# Change of fluorescent to HPS in veg cycle????



## whereismymind69 (Jun 7, 2007)

Hi there!!!

I just started to grow my plants (they are about 2 weeks now) and they are under a small fluorescent light wich is clearly not enough... so i am about to purcharse a 400w Hps wich i'm gonna need in the flowering period anyway. Would it be a wright move to change thr fluor for the hps during the veg cycle? 

I am just worried that this would stress the plants somehow...

Thanks a lot!!!


----------



## Draston (Jun 7, 2007)

yeah, more light be it warm or cool is always better. But, the same amount of cool blue during veg as warm, the cool will make the plant do better...

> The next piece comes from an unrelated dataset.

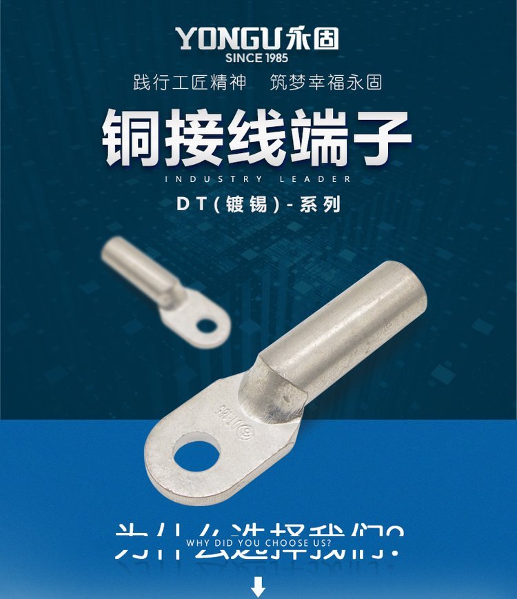 型号1:DTG,是由T3铜管冲压而成,重量略轻于DT,在不需要密封堵油的连接时可代替DT。做工比DT简单快速,价格也相对便宜。

Get a digital ballast that accepts hps and MH bulbs and use the MH bulb during veg (cool blue) and the HPS bulb during flowering (warm). 

www.htgsupply.com


----------



## whereismymind69 (Jun 7, 2007)

thanks a lot!!! that's a great tip!!!... Does MH heat up a lot???


----------



## Mutt (Jun 7, 2007)

Just to add.... I have had a higher female ratio using cool flo's (more blue spectrum) in veg. There is an article on it in one of the sections. Its a sticky and will be at the top of the list.


----------